Activity - Transcribe nothing except the lines below that run from the one with "冬女加绒加厚保暖裤2025韩版个性大口袋哈伦裤保暖裤宽松加厚灯笼" to the one with "Mochila de línea", ends included, and do not copy any picture.

Source data -
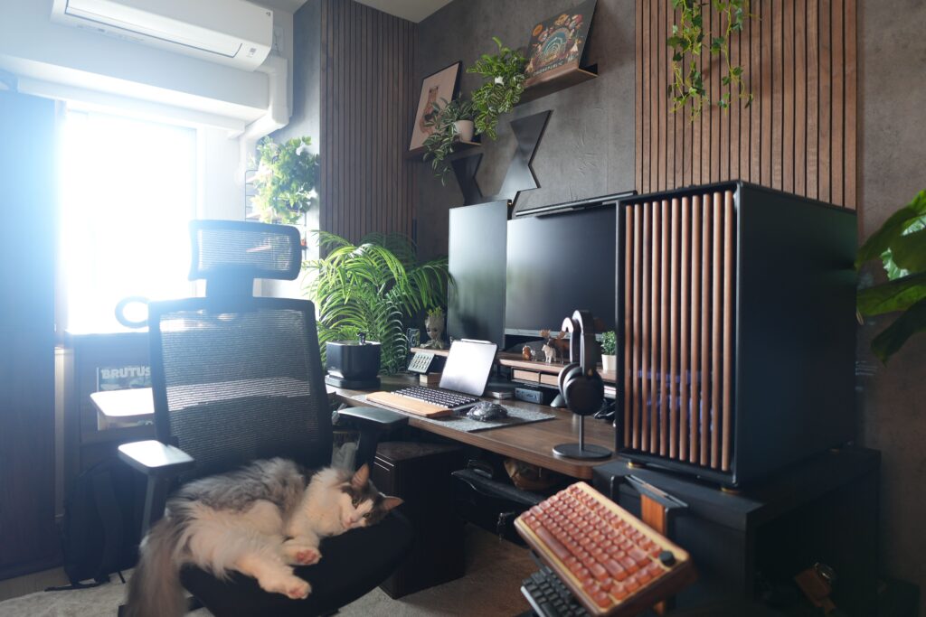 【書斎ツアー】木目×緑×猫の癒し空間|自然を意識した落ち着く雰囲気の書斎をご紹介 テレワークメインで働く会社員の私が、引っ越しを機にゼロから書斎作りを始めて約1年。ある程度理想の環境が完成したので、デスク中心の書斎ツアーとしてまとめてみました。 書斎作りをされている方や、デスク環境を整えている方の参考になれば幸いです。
---
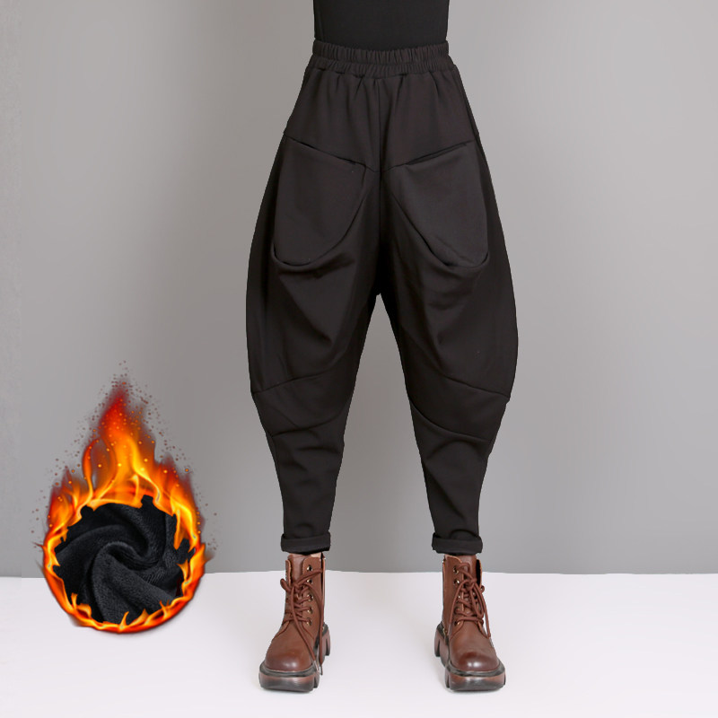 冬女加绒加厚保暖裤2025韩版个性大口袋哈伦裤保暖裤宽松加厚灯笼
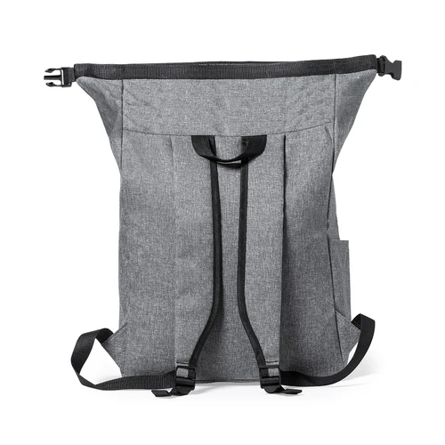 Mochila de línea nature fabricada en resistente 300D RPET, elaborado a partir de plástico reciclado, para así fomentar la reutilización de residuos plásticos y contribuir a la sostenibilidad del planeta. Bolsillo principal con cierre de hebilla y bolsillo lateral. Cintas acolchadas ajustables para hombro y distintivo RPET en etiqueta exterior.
--
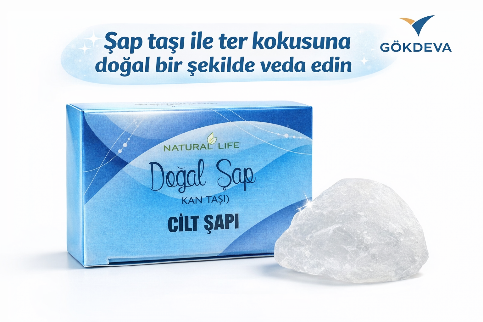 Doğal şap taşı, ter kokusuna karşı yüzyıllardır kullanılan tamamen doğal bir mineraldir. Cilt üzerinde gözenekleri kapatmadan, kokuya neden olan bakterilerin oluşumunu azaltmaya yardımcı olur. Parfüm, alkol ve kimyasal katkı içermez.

Answer section -
 冬女加绒加厚保暖裤2025韩版个性大口袋哈伦裤保暖裤宽松加厚灯笼
 Mochila de línea nature fabricada en resistente 300D RPET, elaborado a partir de plástico reciclado, para así fomentar la reutilización de residuos plásticos y contribuir a la sostenibilidad del planeta. Bolsillo principal con cierre de hebilla y bolsillo lateral. Cintas acolchadas ajustables para hombro y distintivo RPET en etiqueta exterior.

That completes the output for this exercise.